Am 10/23/18 um 7:48 PM schrieb Michael Johnson:
> I am still catching up on e-mail from the weekend.
> 
> There are a lot of different options for how to implement the
> lb-mgmt-network for the controller<->amphora communication. I can't
> talk to what options Kolla provides, but I can talk to how Octavia
> works.
> 
> One thing to note on the lb-mgmt-net issue, if you can setup routes
> such that the controllers can reach the IP addresses used for the
> lb-mgmt-net, and that the amphora can reach the controllers, Octavia
> can run with a routed lb-mgmt-net setup. There is no L2 requirement
> between the controllers and the amphora instances.
> 
> Michael
> 
> On Tue, Oct 23, 2018 at 9:57 AM Erik McCormick
> <emccormick at cirrusseven.com> wrote:
>>
>> So in your other email you said asked if there was a guide for
>> deploying it with Kolla ansible...
>>
>> Oh boy. No there's not. I don't know if you've seen my recent mails on
>> Octavia, but I am going through this deployment process with
>> kolla-ansible right now and it is lacking in a few areas.
>>
>> If you plan to use different CA certificates for client and server in
>> Octavia, you'll need to add that into the playbook. Presently it only
>> copies over ca_01.pem, cacert.key, and client.pem and uses them for
>> everything. I was completely unable to make it work with only one CA
>> as I got some SSL errors. It passes gate though, so I aasume it must
>> work? I dunno.
>>
>> Networking comments and a really messy kolla-ansible / octavia how-to below...
>>
>> On Tue, Oct 23, 2018 at 10:09 AM Florian Engelmann
>> <florian.engelmann at everyware.ch> wrote:
>>>
>>> Am 10/23/18 um 3:20 PM schrieb Erik McCormick:
>>>> On Tue, Oct 23, 2018 at 7:53 AM Florian Engelmann
>>>> <florian.engelmann at everyware.ch> wrote:
>>>>>
>>>>> Hi,
>>>>>
>>>>> We did test Octavia with Pike (DVR deployment) and everything was
>>>>> working right our of the box. We changed our underlay network to a
>>>>> Layer3 spine-leaf network now and did not deploy DVR as we don't wanted
>>>>> to have that much cables in a rack.
>>>>>
>>>>> Octavia is not working right now as the lb-mgmt-net does not exist on
>>>>> the compute nodes nor does a br-ex.
>>>>>
>>>>> The control nodes running
>>>>>
>>>>> octavia_worker
>>>>> octavia_housekeeping
>>>>> octavia_health_manager
>>>>> octavia_api
>>>>>
>>>>> and as far as I understood octavia_worker, octavia_housekeeping and
>>>>> octavia_health_manager have to talk to the amphora instances. But the
>>>>> control nodes are spread over three different leafs. So each control
>>>>> node in a different L2 domain.
>>>>>
>>>>> So the question is how to deploy a lb-mgmt-net network in our setup?
>>>>>
>>>>> - Compute nodes have no "stretched" L2 domain
>>>>> - Control nodes, compute nodes and network nodes are in L3 networks like
>>>>> api, storage, ...
>>>>> - Only network nodes are connected to a L2 domain (with a separated NIC)

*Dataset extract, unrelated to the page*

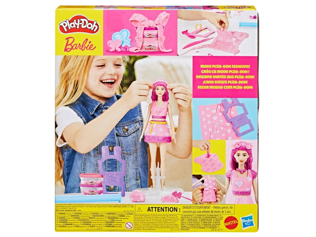 Vytvořte super roztomilé styly se sadou Play-Doh Barbie pro panenky. S touto kreativní sadou je výroba oblečení pro panenku Barbie snadná a zábavná. Jednoduše umístěte panenku na stojan, použijte vzorník a formičky Play-Doh k vystříhání šatů pro Barbie a oblečte ji těmi nejnápaditějšími způsoby. Vytvořte panence dva různé účesy z Play-Doh s formičkami na krátké a dlouhé vlasy nebo si vytvořte vlastní účesy ručně. Přidejte doplňky Barbie, jako je pásek a boty, a dotvořte její vzhled.

>>>>> providing the "public" network
>>>>>
>>>> You'll need to add a new bridge to your compute nodes and create a
>>>> provider network associated with that bridge. In my setup this is
>>>> simply a flat network tied to a tagged interface. In your case it
>>>> probably makes more sense to make a new VNI and create a vxlan
>>>> provider network. The routing in your switches should handle the rest.
>>>
>>> Ok that's what I try right now. But I don't get how to setup something
>>> like a VxLAN provider Network. I thought only vlan and flat is supported
>>> as provider network? I guess it is not possible to use the tunnel
>>> interface that is used for tenant networks?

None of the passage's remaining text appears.